One of my biggest beefs [is] with the gender role experience… Is it reasonable to expect somebody to present for a year full-time in an identity congruent role with their family or friends or at work, when sometimes there are issues of safety? [T]he way that it’s worded [in the WPATH-SOC], it’s ‘yes/no’."
The WPATH-SOC are flexible clinical guidelines intended to “optimize” clinical work with trans people. Clinicians can decide independently how strictly, or loosely, they apply the WPATH psycho-social readiness assessments when working with trans people.1 Increasingly, researchers, clinicians, educators, and trans people are advocating for alternative, patient-centred care models.
There is no evidence that a strict application of the WPATH-SOC is legally protective. Conversely, Deutsch (2012) surveyed clinicians who use an “informed consent” approach to initiating hormones for trans people and found no cases that resulted in malpractice claims.2
Also important to note, in legal contexts such as in malpractice claims, the courts rarely accept clinical practice guidelines as evidence of a single measurable standard of care.3
All medical treatments come with a risk of regret. Although regret is uncommon, some trans people do come to regret their decision to transition, and some will decide to de-transition. Some clinicians cite the risk for transition regret as a primary rationale for strict adherence to the WPATH-SOC, but bioethicist McQueen (2017) argues that with medical-decision making on transition, regret is not an ethically sound reason to withhold treatment.4 De-transitioning is not a medical failure.
A small percentage of people may actually need to try hormones before deciding that transitioning is not for them. In terms of transition-related surgery, regret rates (~2%-4%) are similar to that of gastric banding, and much lower than with plastic surgery.5 6 Importantly, the risk of transition regret is not an ethically sound reason to delay or withhold hormones or surgeries.
Working collaboratively with patients may result in more patients trusting you, and after having a positive clinical experience they may recommend you to other people who are considering transition within their personal networks. Removing clinic-level barriers to transition-related medicine will not encourage more people to seek hormones and surgeries, though. But patient-centred care that emphasizes patient autonomy and informed consent may improve patient (and provider) experiences.
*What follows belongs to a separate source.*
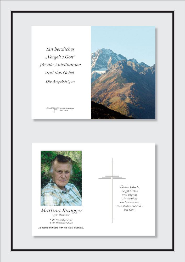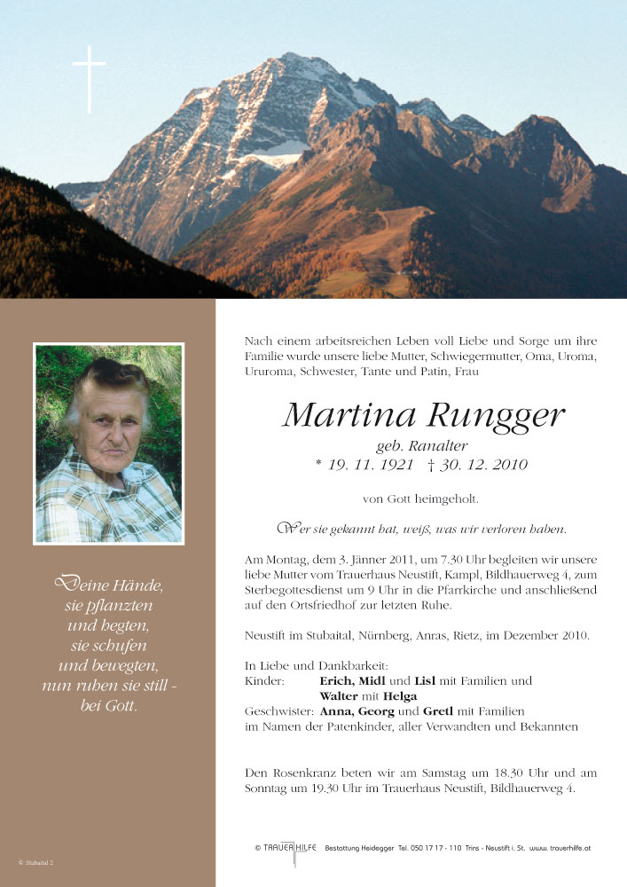 Bestattung wurde durchgeführt von: Karl Neurauter Karl Neurauter Bestattung Heidegger Brennerstraße 69 6150 - Steinach am Brenner Tel.: 05275 5211 zum Bestatter

This online educational resource is intended for clinicians working with trans people over the age of 16. However, clinicians working with adolescents may find aspects of this resource useful. For more information regarding transition-related medicine for young people see: Gender Creative Kids Canada and the Transgender Youth Program at Ontario’s Sick Kids Hospital.
Although we don’t know the exact numbers, clinicians’ use of the informed consent model in community health centres across the United States was the reason the latest edition of the WPATH-SOC endorsed this model of care. Clinicians and trans health clinics across Canada are also increasingly promoting patient-centred care with trans people in the context of transition-related medicine.
The most recent 7th edition was published in 2012. The 8th edition of the WPATH-SOC is highly anticipated and expected soon. Significant scientific advancements have been made since 2012 in terms of how gender identity is understood, and the importance of reducing barriers to transition-related medicine.
While this remains to be seen, it is crucial to underscore that the WPATH-SOC is a flexible clinical guideline. Strict adherence to the current 7th edition’s pre-transition psychosocial readiness assessments does infringe upon some medical ethics principles. For this reason, our resource teaches care providers how to more flexibly interpret the WPATH-SOC.